NATO leaders were set to buttress support for Kiev and bolster their eastern defences at the summit which started on Thursday, spurred by the Ukraine crisis to enact the most radical shift in allied strategy towards Russia since the end of the Cold War.
US President Barack Obama and his 27 allies, meeting at a golf resort in Wales, will also discuss how to tackle the Islamic State straddling parts of Iraq and Syria, which has emerged as a new threat on the alliance’s southern flank, and how to stabilise Afghanistan when NATO forces leave at year’s end.
British Prime Minister David Cameron, the summit’s host, said pressure on Moscow would mount if it did not curtail military action in Ukraine which he branded unacceptable.
“What Russia needs to understand is if they continue with this approach in Ukraine, this pressure will be ramped up,” he told
Ukrainian President Petro Poroshenko, whose forces have suffered a string of setbacks at the hands of Russian-backed separatists in the south and east of the country in the last week, met Obama and the leaders of Britain, France, Germany and Italy just before the NATO summit started.
The Ukrainian leader was looking for arms, training and intelligence support for his armed forces as well as political support against Russian President Vladimir Putin.
However, his talk of reviving Ukraine’s bid to join the US-led military alliance could reopen a rift within NATO.
Obama said in Estonia on Wednesday the door to membership would remain open to states that meet NATO standards and “can make meaningful contributions to allied security”, but France and Germany remain opposed to admitting Kiev.
Territorial defenceA French official said NATO should contribute to easing tensions, not exacerbating them.
Poroshenko said he would order a ceasefire on Friday for Ukraine’s armed forces battling pro-Russian separatists, paving the way for implementation of a “stage-by-stage peace plan” for his country.
As more than a decade of NATO-led combat operations in Afghanistan draws to a close at year’s end, the 28-nation, US-led military alliance is refocusing in part on its core task of defending its territory.
NATO leaders will set up a ‘spearhead’ rapid reaction force, potentially including several thousand troops, that could be sent to a hotspot in as little as two days, officials say.
Eastern European NATO members, including Poland, have appealed to NATO to permanently station thousands of troops on its territory to deter any possible Russian attack.
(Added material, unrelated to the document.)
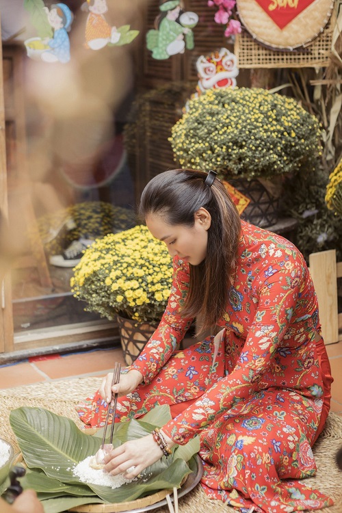 Người đẹp cũng chia sẻ, một trong những hoạt động mà cô và mẹ của mình luôn thực hiện mỗi năm đó chính là gói bánh chưng ngày Tết. Cô thích cái cảnh mọi người cùng quây quần gói bánh, chuẩn bị mâm cỗ. Những điều giản đơn này nhưng đôi khi bị nhịp sống bộn bề mà khiến con người ta bỏ quên.

But NATO members have spurned that idea, partly because of the expense and partly because they do not want to break a 1997 agreement with Russia under which NATO committed not to permanently station significant combat forces in the east.
Instead, NATO leaders will agree to pre-position equipment and supplies, such as fuel and ammunition, in eastern European countries with bases ready to receive the NATO rapid reaction force if needed.
NATO has said it has no plans to intervene militarily in Ukraine. Instead it has concentrated on beefing up the defences of eastern European countries that have joined the alliance in the last 15 years. Baltic countries fear that Russia could use the same rationale it applied in Crimea - defending Russian speakers - to meddle with them.